Having few options I froze. Black death sizzled past me and Clazztik erupted into a shower of arms, legs, and goo. His viscera spiralled out like meaty fireworks and fragments of his chitinous shell splashed into the water. Little wisps of steam arose from the shards of well cooked limbs and membranes that floated on the surface of our stagnant grave. 

Sulbemar, inspired by some deep well of reptilian courage, turned and fired off a blast from his rough looking shotgun. Pellets whizzed past me, bounced off of the armored carapace of the death saucer, and immediately drew attention away from me. I ran past the dark thing as it flew in pursuit of Sulbemar. The reptilian threat of a 4-foot tall iguana man toting a sawed-off obviously had more of a tactical priority than a defenceless mutant defecating in fear. 

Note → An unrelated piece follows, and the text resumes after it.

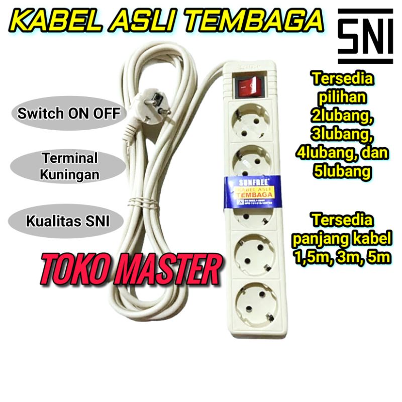 Stop Kontak Colokan Kabel Tembaga Kuningan SNI SUNFREE JUPITER 1,5 - 3 - 5METER 2 - 3 - 4 - 5 LUBANG

I fled; with all speed my legs carried me as fast as I could towards the hatch in the concrete bunker. The bunker might just save my sorry ass from annihilation. It looked sturdy, the hatch was wide open, so I ran towards it like a rad-bat out of hell. 

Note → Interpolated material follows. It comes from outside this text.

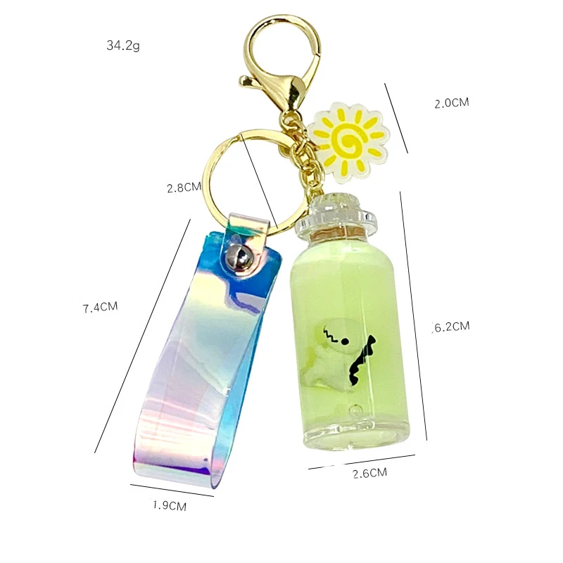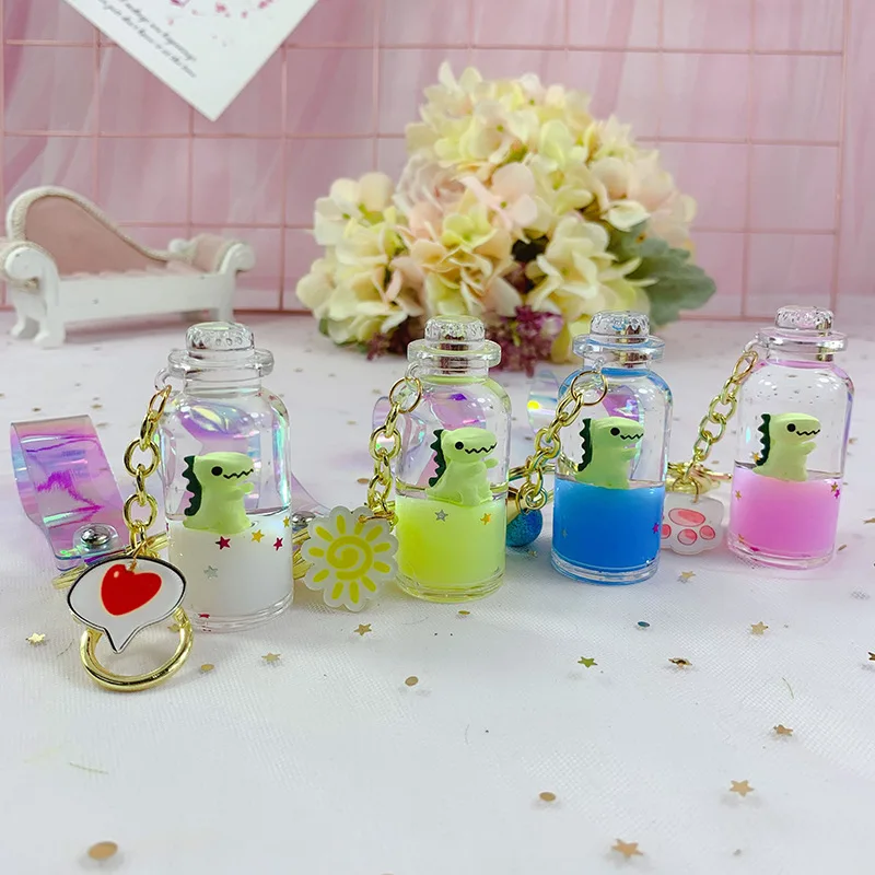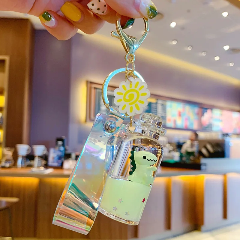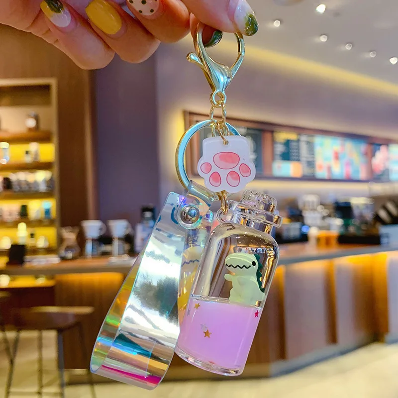 Модная новинка брелок с динозавром из мультфильма молочный чай чашка жидкий зыбучий песок с блестками брелок для мужчин и женщин сумка Автомобильный держатель для ключей с подвеской

Just as I made it though the hatchway and stepped onto dry ground I heard the distinct sizzle and pop of lizards innards being splashed across half a block. Sulbemar hadn’t even gotten off a second shot. I knew it wouldn’t be long before the saucer back tracked to me. If I didn’t close the hatch I was done for. 

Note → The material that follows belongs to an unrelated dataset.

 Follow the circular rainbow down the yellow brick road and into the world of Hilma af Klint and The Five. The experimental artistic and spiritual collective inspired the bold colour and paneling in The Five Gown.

I looked at the circular handle for the sturdy looking door, the door that would seal me in this plascrete bunker. The door that would render me safe from this relic of death bent on my vaporization. Yes the door that would be my salvation. I was suddenly presented with a unique problem. For as you can see, I myself was born without arms. 


Robotron666 is:

A shiny black saucer of death.

Would you like to see this thread continued? Let me know...


----------



## Thorntangle (Aug 27, 2002)

Yes, please continue. Great action, mutants, vaporizations - I love it.


----------



## Malachai_rose (Aug 28, 2002)

*yes*

very, very cool... the chase seen was well written and tense, the part at the end about our hero having no arms was also classic  I would just say there were two spots in the story where out of story humor was used that seemed to detract somewhat. Yet the witty comments of the main character were good and fit well with what you were doing.

Anyways loved the story and I would like to see more of it from you if you have the time


----------



## Arclight (Sep 12, 2002)

More please!


----------



## Gospog (Sep 13, 2002)

Great story!  Good to see another group enjoying Omega World.

Yes, more please!

BTW, did your GM really start the game with you all being chased by a killer robot?  Cruel.


----------